Fonte: compilação de notícias em jornais e revistas variados realizada pela Amana-Key.
Mabesa
Fonte: Revista Exame, 1/01/2003
• Recentemente, a subsidiária da mexicana Mabesa entrou no mercado de fraldas brasileiro e
agora já ocupa a segunda posição no ranking (18% das vendas).
• Definindo o foco - “Quando começamos, o percentual de bebês que usavam fraldas era de 15%.
Era óbvio que as classes A e B já compravam, aí focamos nas classes C e D.”

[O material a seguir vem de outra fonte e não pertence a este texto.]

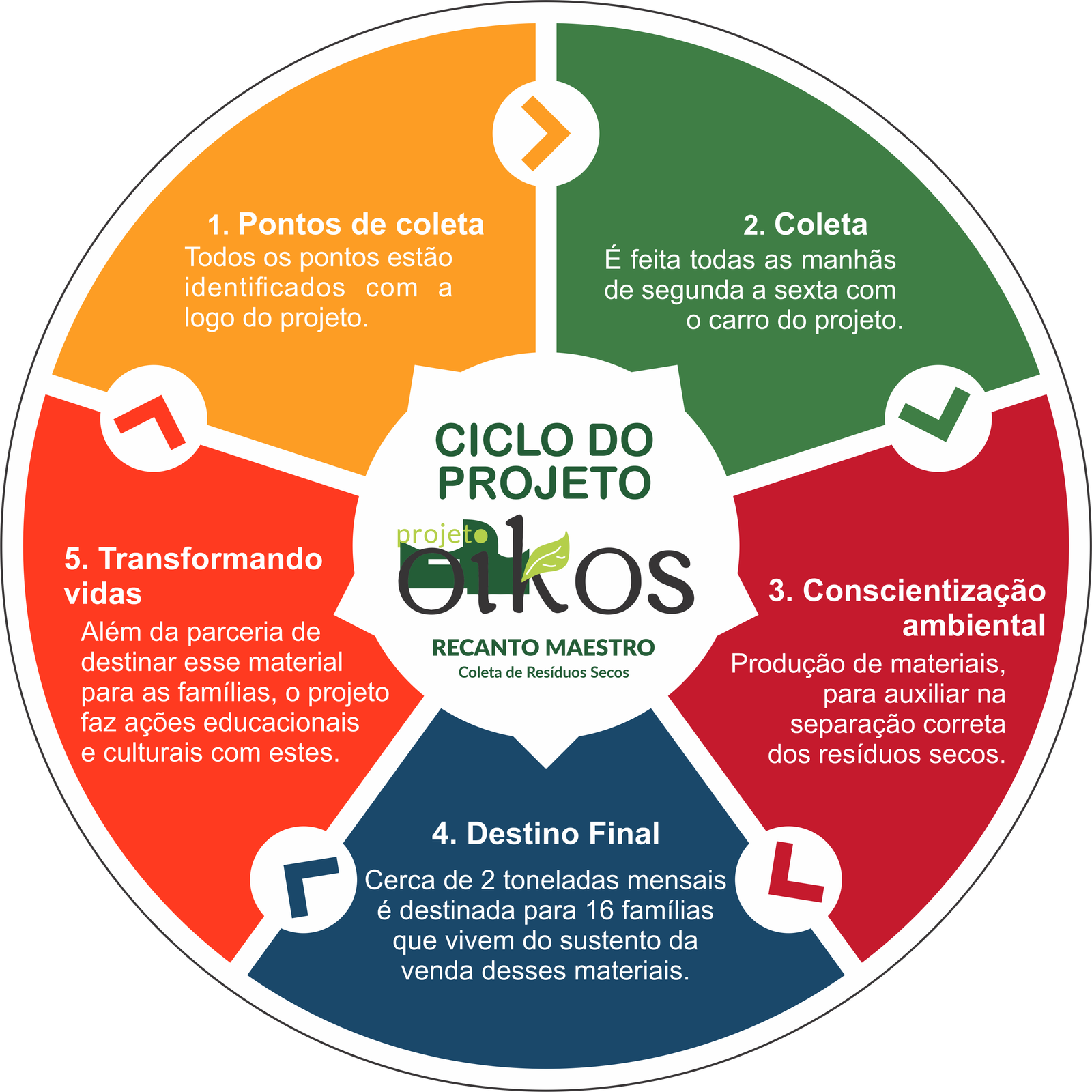 Todos os dias, um carro do Projeto OIKOS passa pelos 26 pontos de coleta seletiva no Recanto Maestro, retirando os sacos de lixo reciclado separados pelos moradores do distrito. No início deste segundo semestre, a novidade é que um mapa desses pontos de coleta, bem como, um calendário dos horários da coleta será divulgado para os moradores. A iniciativa encampada pela Fundação Antonio Meneghetti tem o cunho ecológico de promover a coleta seletiva de lixo. Porém, o que pouca gente sabe, é o amplo aspecto humano que esse projeto abrange.

• Preenchendo o vazio – “O segmento de mais baixa renda precisava de uma empresa que se
dedicasse a ele.”
• Atendendo às necessidades e às possibilidades dos clientes: As fraldas para a classe D são
vendidas em pacotes com menor número de unidades (muitos consumidores nessa faixa de
renda ganham por dia de trabalho e só podem comprar aos poucos).
Ace Seguros
Fonte: Revista Exame, 3/04/2003
• O público-alvo da maioria das seguradoras é a população de renda mais alta.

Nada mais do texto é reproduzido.